Fiumicino: la plastica ripescata diventa panchine ed arredo urbano

Il pattume acquatico è stato tirato su ed affidato alle mani amorevoli di specialisti del riciclo che lo hanno trasformato in deliziose panchine ed oggetti di arredo urbano destinati al litorale laziale.

26 pescherecci, 2 anni di battute di pesca e 25 tonnellate di rifiuti.

E’ il risultato di una mega-campagna di recupero di materiale disperso in acqua – promossa tra gli altri dalla regione Lazio e da Corepla – dal titolo “Fishing for litter”.

Decine e decine di pescatori hanno raccolto, selezionato e recuperato distese infinite di rifiuti – specialmente plastici – dispersi in acqua.

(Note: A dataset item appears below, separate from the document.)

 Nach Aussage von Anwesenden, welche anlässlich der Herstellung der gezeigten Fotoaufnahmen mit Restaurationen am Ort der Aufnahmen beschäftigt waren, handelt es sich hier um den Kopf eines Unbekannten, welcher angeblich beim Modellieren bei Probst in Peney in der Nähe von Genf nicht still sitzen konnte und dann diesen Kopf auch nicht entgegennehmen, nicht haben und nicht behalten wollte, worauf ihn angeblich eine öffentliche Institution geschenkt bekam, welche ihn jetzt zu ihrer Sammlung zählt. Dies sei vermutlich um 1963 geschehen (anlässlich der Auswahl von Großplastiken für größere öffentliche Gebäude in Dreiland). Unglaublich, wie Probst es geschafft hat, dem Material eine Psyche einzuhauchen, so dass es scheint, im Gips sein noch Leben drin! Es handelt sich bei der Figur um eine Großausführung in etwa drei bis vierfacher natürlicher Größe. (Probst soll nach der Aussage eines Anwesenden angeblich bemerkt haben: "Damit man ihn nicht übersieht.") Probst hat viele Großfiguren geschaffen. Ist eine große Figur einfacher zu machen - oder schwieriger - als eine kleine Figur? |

Il pattume acquatico è stato tirato su ed affidato alle mani amorevoli di specialisti del riciclo che lo hanno trasformato in deliziose panchine ed oggetti di arredo urbano destinati al litorale laziale.

Oggetti di ogni genere, dannosi per l’ecosistema marino e per i suoi abitanti, hanno trovato nuova utilità grazie all’impegno ed alla collaborazione tra le diverse anime della comunità.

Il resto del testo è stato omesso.